Zhao Zhixin, Wu Xiaohui, Kumar Praveen Kumar Raj, Dong Min, Ji Guoli, Li Qingshun Quinn, Liang Chun
Department of Biology, Miami University, Oxford, Ohio 45056.
Department of Biology, Miami University, Oxford, Ohio 45056 Department of Automation, Xiamen University, Xiamen, 361005, China.
G3 (Bethesda). 2014 Mar 13;4(5):871-83. doi: 10.1534/g3.114.010249.
Messenger RNA 3'-end formation is an essential posttranscriptional processing step for most eukaryotic genes. Different from plants and animals where AAUAAA and its variants routinely are found as the main poly(A) signal, Chlamydomonas reinhardtii uses UGUAA as the major poly(A) signal. The advance of sequencing technology provides an enormous amount of sequencing data for us to explore the variations of poly(A) signals, alternative polyadenylation (APA), and its relationship with splicing in this algal species. Through genome-wide analysis of poly(A) sites in C. reinhardtii, we identified a large number of poly(A) sites: 21,041 from Sanger expressed sequence tags, 88,184 from 454, and 195,266 from Illumina sequence reads. In comparison with previous collections, more new poly(A) sites are found in coding sequences and intron and intergenic regions by deep-sequencing. Interestingly, G-rich signals are particularly abundant in intron and intergenic regions. The prevalence of different poly(A) signals between coding sequences and a 3'-untranslated region implies potentially different polyadenylation mechanisms. Our data suggest that the APA occurs in about 68% of C. reinhardtii genes.

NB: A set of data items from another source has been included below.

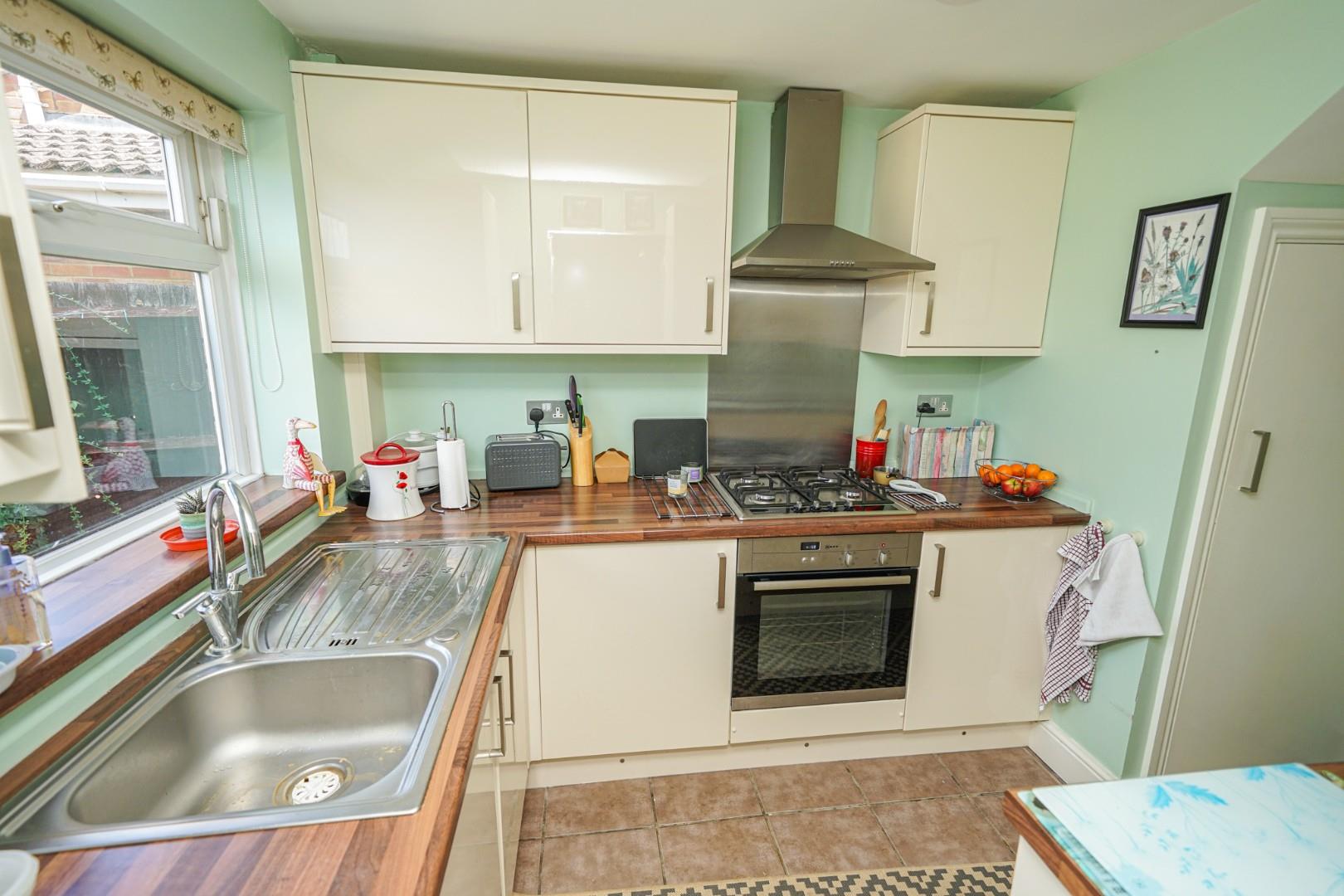 Enter via the front door into a spacious hallway which provides access to the lounge and first floor via the stairs. The generous lounge is situated to the front with an abundance of light streaming through. A range of furniture can easily be arranged and there is a built-in cupboard under the stairs which provides excellent storage. A dining room sits to the rear with double glazed sliding doors providing access to the garden. The kitchen has been fitted with a modern range of wall and base level units with ample roll edged work surface. A larder cupboard sits to one corner and provides further space for an under counter appliance.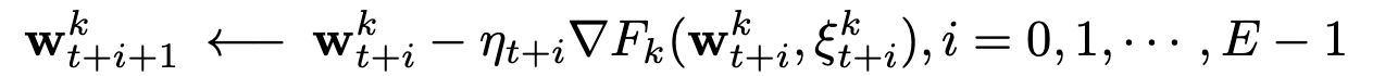 distributed client update: (\(E\) steps with random samples \(\xi\))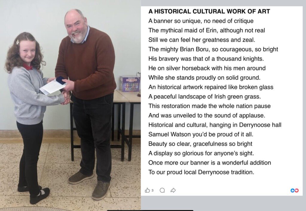 Congratulations to Alix in P6 who came 2nd in the Monsignor Murray Poetry Competition. The children were asked to write about a key historical event or place of local interest. Alix’s poem tells the story of the recently refurbished Derrynoose Heritage Group Derrynoose Banner. A super poem that can be viewed below. Many thanks to Mrs Hamilton for guiding the children in preparation for writing their poems.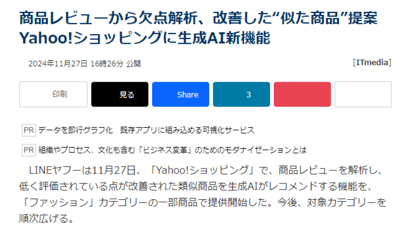 11月30日消息,雅虎購物近日宣布推出一項新功能,利用生成式AI根據消費者評論的內容推薦類似商品。這一功能旨在提升購物體驗,特別是在日本消費者進行商品對比時,為消費者提供更多有用信息。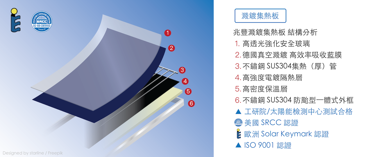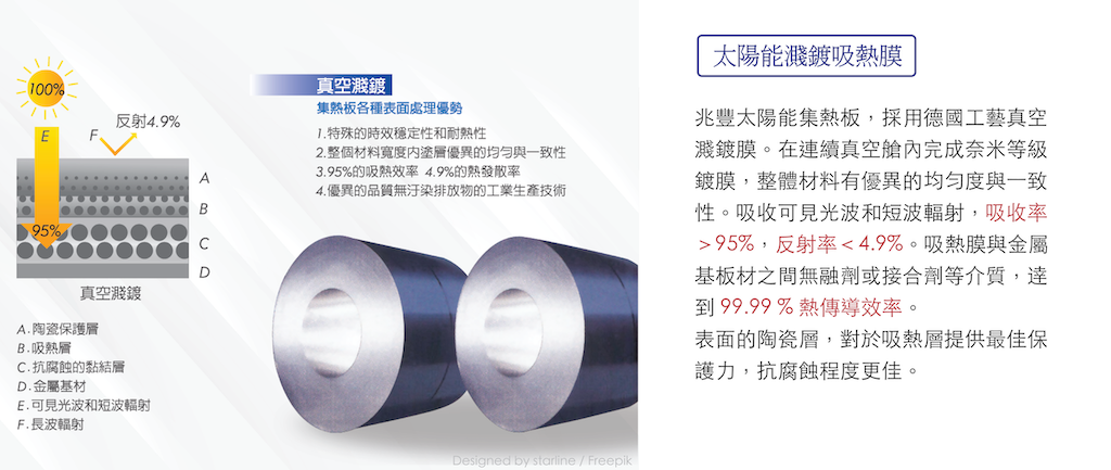 兆豊太陽能集熱板,採用德國工藝真空濺鍍膜。在連續真空艙內完成奈米等級鍍膜,整體材料有優異的均勻度與一致性。吸收可見光波 和短波輻射,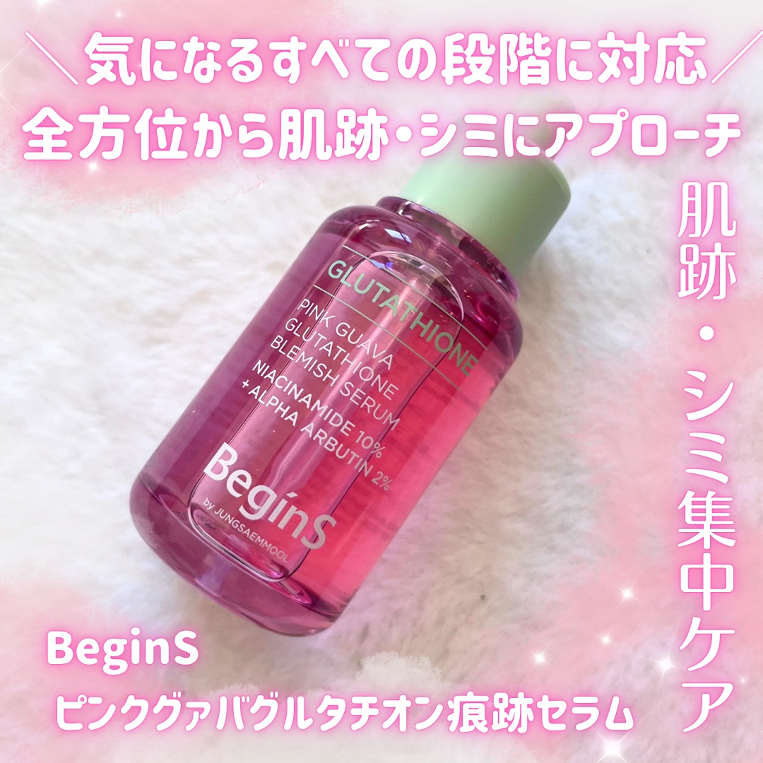 Beginsピンクグァバグルタチオン痕跡セラム色素沈着・シミ・トラブル跡純度99%グルタチオンピンクグアバ抽出物アルファーアルブチンナイアシンアミドビタミンツリーウォーターニキビ跡になりやすいので悩んでいました💦ややとろみのあるテクスチャー嫌...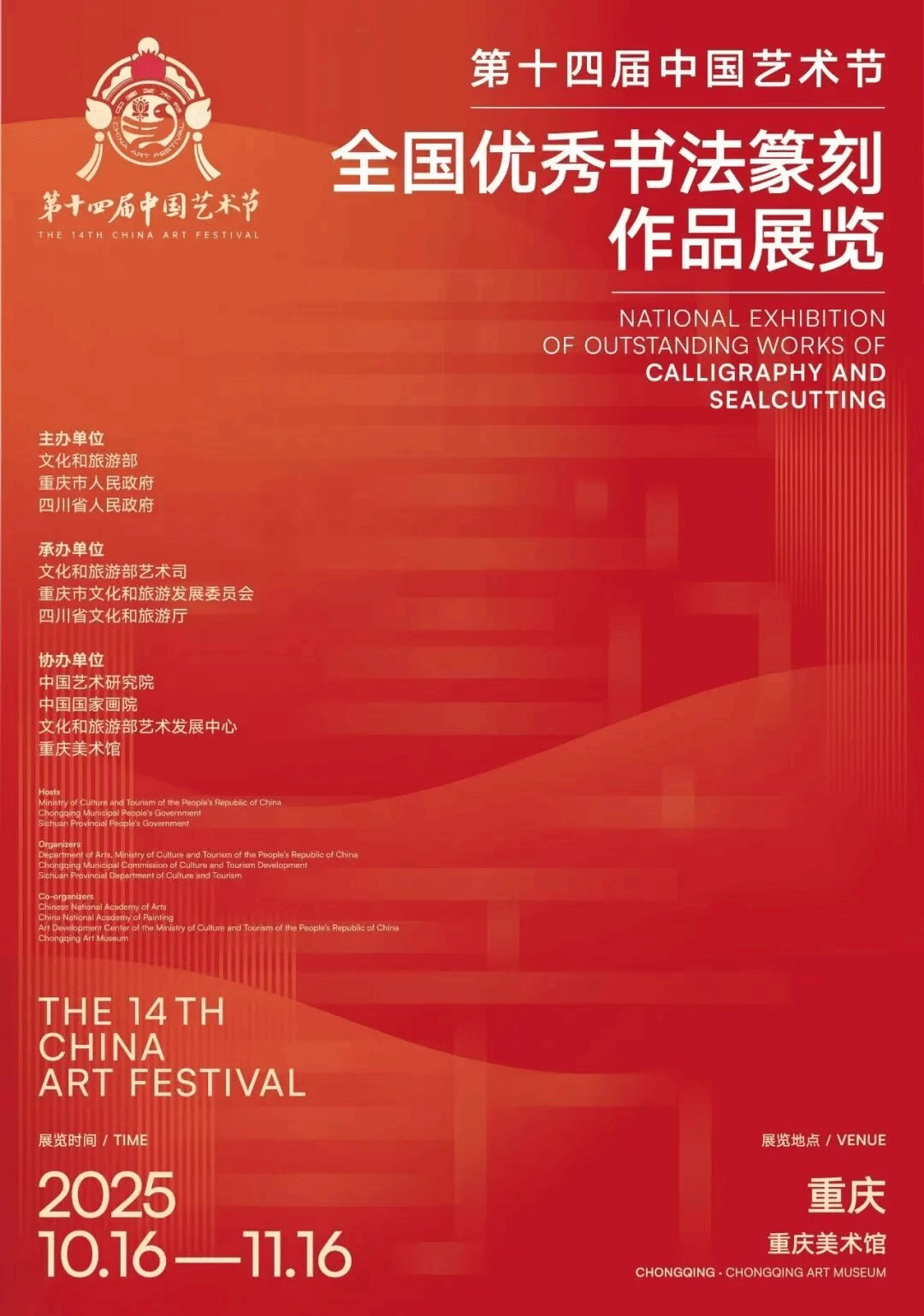 10月16日,由文化和旅游部、重慶市人民政府、四川省人民政府等單位聯(lián)合舉辦的第十四屆中國(guó)藝術(shù)節(jié)全國(guó)優(yōu)秀美術(shù)、書(shū)法篆刻、攝影作品展覽開(kāi)幕式在四川美術(shù)學(xué)院舉行。我院書(shū)法學(xué)系鐘全昌、馮高兩位教師作品入選本次展覽。充分體現(xiàn)了我院教師創(chuàng)作能力與藝術(shù)水平。

Using Gene Ontolgy analysis, we found most of the APA genes are involved in RNA regulation and metabolic process, protein synthesis, hydrolase, and ligase activities. Moreover, intronic poly(A) sites are more abundant in constitutively spliced introns than retained introns, suggesting an interplay between polyadenylation and splicing. Our results support that APA, as in higher eukaryotes, may play significant roles in increasing transcriptome diversity and gene expression regulation in this algal species. Our datasets also provide useful information for accurate annotation of transcript ends in C. reinhardtii.
信使核糖核酸3'末端形成是大多数真核基因必不可少的转录后加工步骤。与植物和动物中通常以AAUAAA及其变体作为主要聚腺苷酸化信号不同,莱茵衣藻使用UGUAA作为主要聚腺苷酸化信号。测序技术的进步为我们提供了大量测序数据,以便探索该藻类物种中聚腺苷酸化信号的变异、可变聚腺苷酸化(APA)及其与剪接的关系。通过对莱茵衣藻中聚腺苷酸化位点进行全基因组分析,我们鉴定出大量聚腺苷酸化位点:来自桑格表达序列标签的有21,041个,来自454测序的有88,184个,来自Illumina序列读数有195,266个。与先前的数据相比,通过深度测序在编码序列、内含子和基因间区域发现了更多新的聚腺苷酸化位点。有趣的是,富含G的信号在内含子和基因间区域特别丰富。编码序列和3'非翻译区之间不同聚腺苷酸化信号的普遍性意味着潜在的不同聚腺苷酸化机制。我们的数据表明,约68%的莱茵衣藻基因发生可变聚腺苷酸化。使用基因本体分析,我们发现大多数可变聚腺苷酸化基因参与RNA调控和代谢过程、蛋白质合成、水解酶和连接酶活性。此外,组成型剪接内含子中的内含子聚腺苷酸化位点比保留内含子中的更丰富,这表明聚腺苷酸化和剪接之间存在相互作用。我们的结果支持,与高等真核生物一样,可变聚腺苷酸化可能在增加该藻类物种的转录组多样性和基因表达调控中发挥重要作用。我们的数据集还为准确注释莱茵衣藻转录本末端提供了有用信息。